YouTube gets real-time video segmentation: Here’s how this technology works
The new segmentation technology will allow creators to replace and modify the background, increasing videos’ production value without specialised equipment.
Google has introduced real-time, on-device mobile video segmentation to the YouTube app, by integrating this technology into the latter's stories feature, a new lightweight video format, designed specifically for YouTube creators on its beta version.
The new segmentation technology will allow creators to replace and modify the background, effortlessly increasing videos' production value without specialised equipment, Google's research blog noted.
"Video segmentation is a widely used technique that enables movie directors and video content creators to separate the foreground of a scene from the background and treat them as two different visual layers. By modifying or replacing the background, creators can convey a particular mood, transport themselves to a fun location or enhance the impact of the message. However, this operation has traditionally been performed as a time-consuming manual process or requires a studio environment with a green screen for real-time background removal. In order to enable users to create this effect live in the viewfinder, we designed a new technique that is suitable for mobile phones," the blog read.

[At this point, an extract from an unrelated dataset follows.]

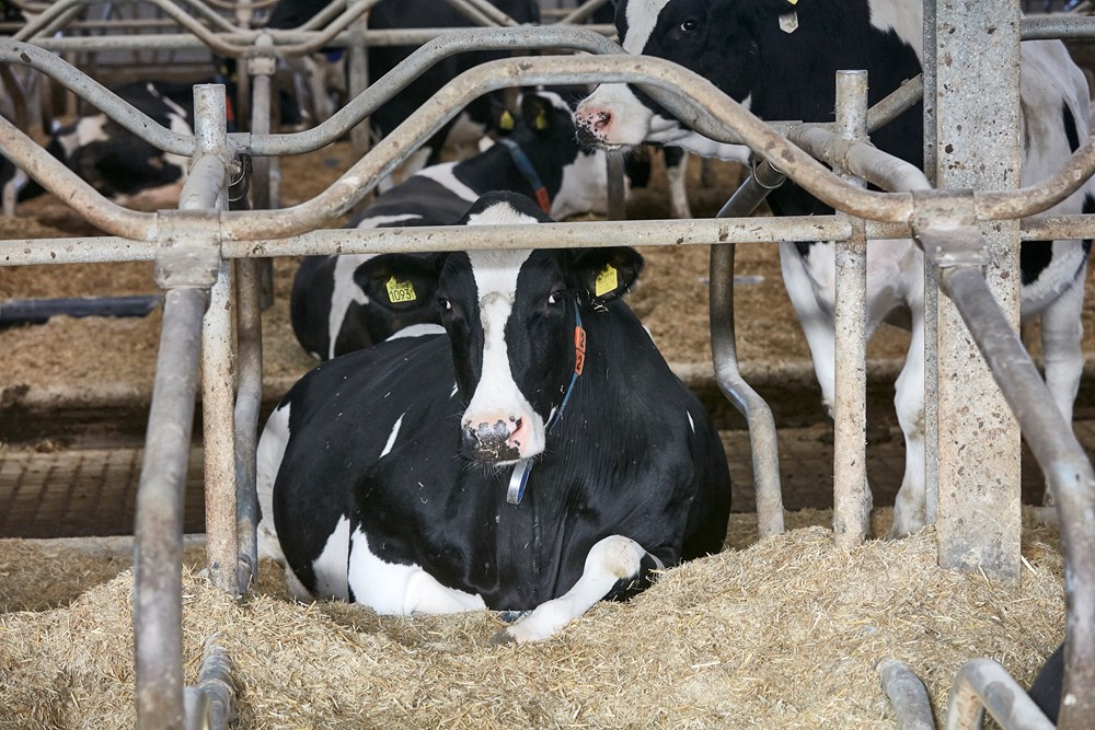 Køerne ligger i senge med god plads og snittet halm og kalk som underlag.

The new technology has been developed using machine learning to solve a semantic segmentation task using convolution neural networks. To provide high-quality data for the machine learning pipeline, the developers annotated thousands of images that captured a wide spectrum of foreground poses and background settings. Annotations consisted of pixel-accurate locations of foreground elements such as hair, glasses, neck, skin, and lips, and a general background label achieving a cross-validation result of 98 percent Intersection-Over-Union (IOU) of human annotator quality.
Furthermore, the specific segmentation task to compute a binary mask separating foreground from the background for every input frame (three channels, RGB) of the video was created. After this, the computed mask was passed from the previous frame as a prior by concatenating it as a fourth channel to the current RGB input frame to achieve temporal consistency, the developers said in the blog.
Google noted that a limited rollout of YouTube stories will be facilitated to test the technology on this first set of effects, and will be rolled out across all versions in the near future.
"As we improve and expand our segmentation technology to more labels, we plan to integrate it into Google's broader Augmented Reality services," the blog noted.